- Description of the task -
Starting with the line that holds "ママとお泊りに来てくれてごは", repeat each line through the last one below, exactly. Pictures stay out.

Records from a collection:
((

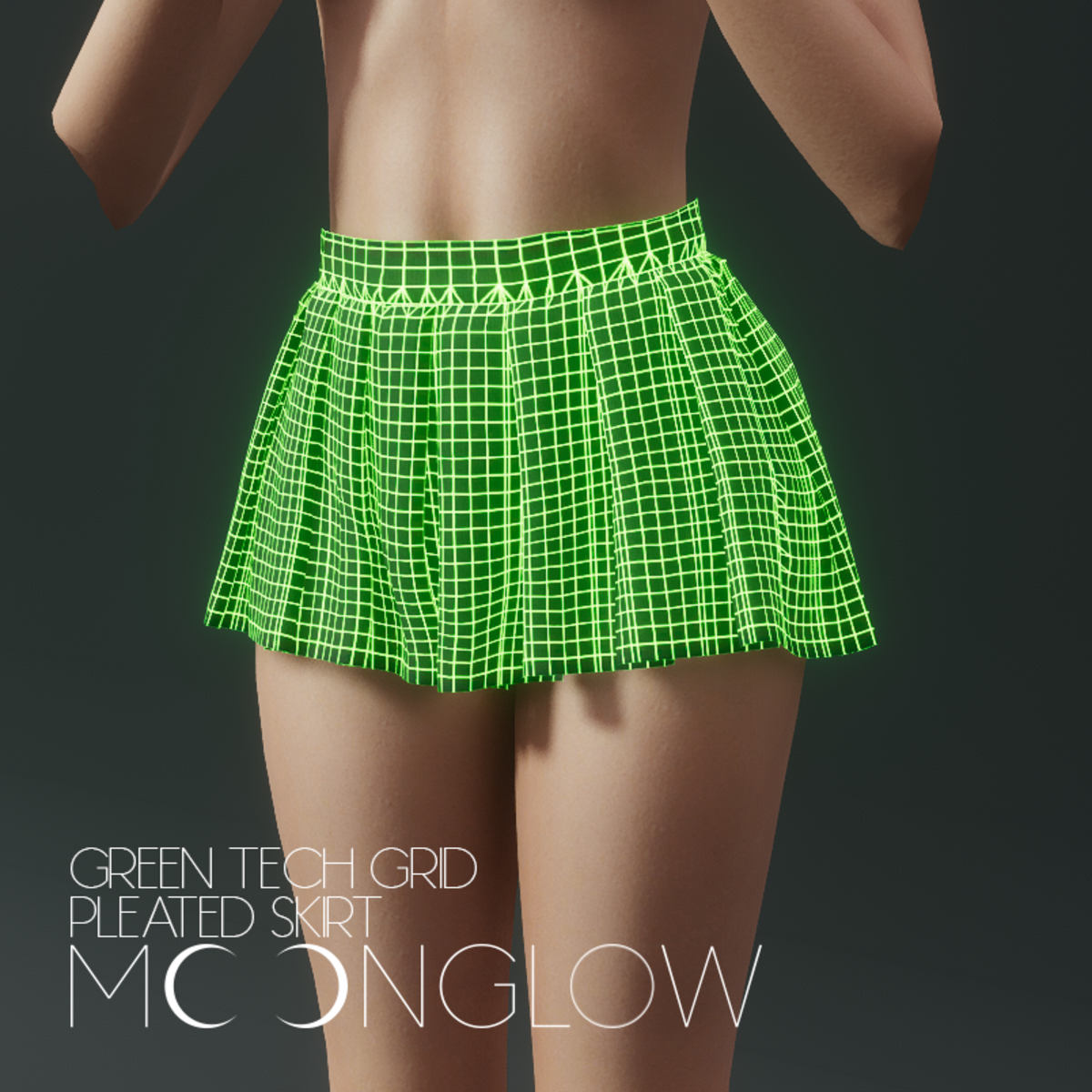 A black and green glowing tech patterned skirt. Moonglow Store: https://store.sansar.com/store/Moonglow-0352
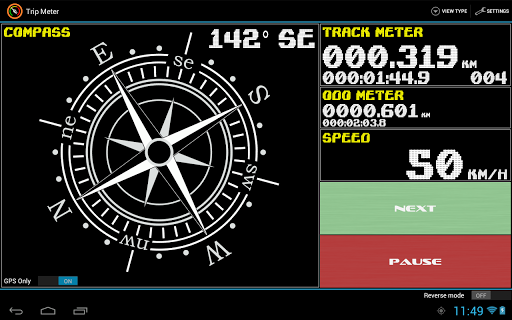 Dopełnieniem funkcji aplikacji jest kompas wyświetlający kierunek jazdy zarówno w postaci nazw kierunków jak i stopni.
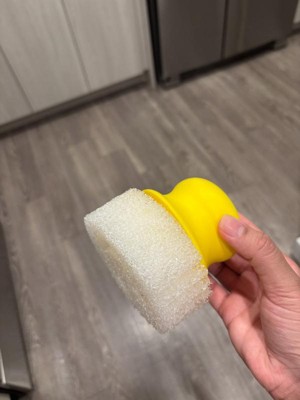 [This review was collected as part of a promotion.] This is pretty nifty handle. I think it’s cute and basically gets the job done. I think if you have a light scrubbing job to do with not super hot water then it’s great. If you have a tough job with hot hot water needed, the sponge falls off the handle. I think maybe if they had something to clip it on or hold it, it would be better
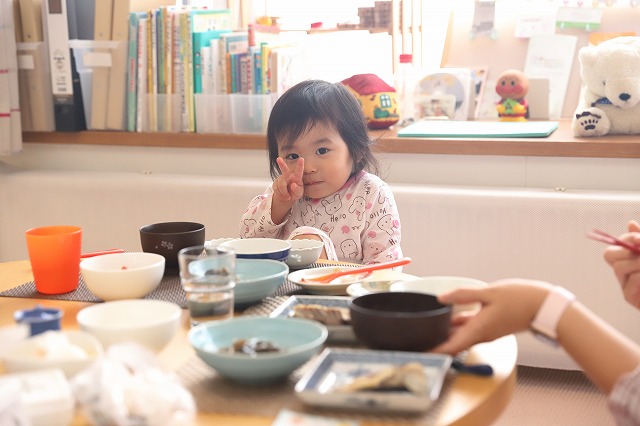 ママとお泊りに来てくれてごはんの時には、ママから食べ物の名前と匂いとかたちを教えてもらってました。
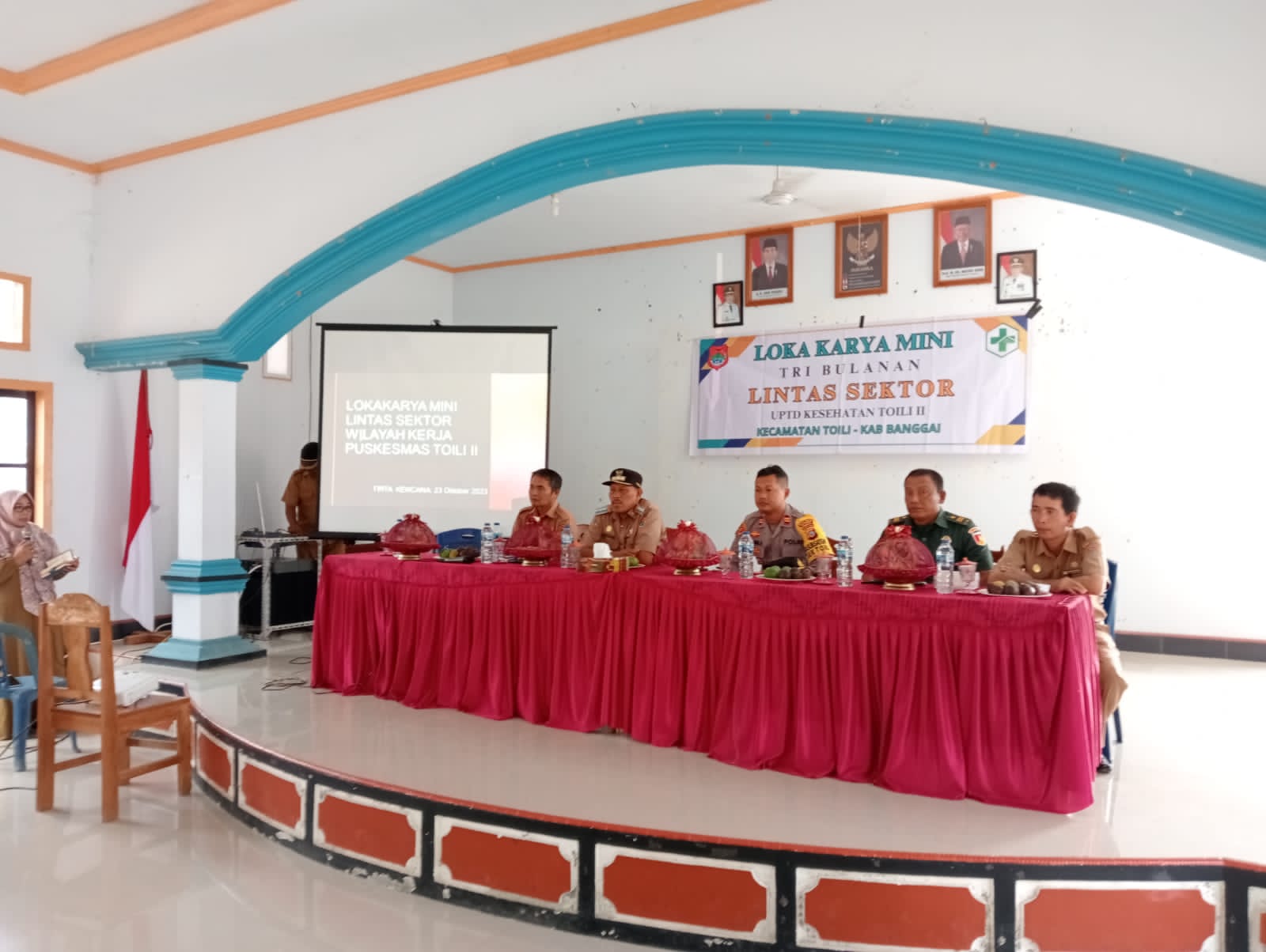 Luwuk.today, Kapolsek Toili IPTU Nanang Afrioko, SH, MH menghadiri kegiatan lokakarya mini lintas sectoral wilayah kerja Puskesmas Toili II di BPU Desa Tirtakencana Kecamatan Toili, Senin (23/10/2023) pukul 09.00 Wita.

))

- Response area -
 ママとお泊りに来てくれてごはんの時には、ママから食べ物の名前と匂いとかたちを教えてもらってました。
 Luwuk.today, Kapolsek Toili IPTU Nanang Afrioko, SH, MH menghadiri kegiatan lokakarya mini lintas sectoral wilayah kerja Puskesmas Toili II di BPU Desa Tirtakencana Kecamatan Toili, Senin (23/10/2023) pukul 09.00 Wita.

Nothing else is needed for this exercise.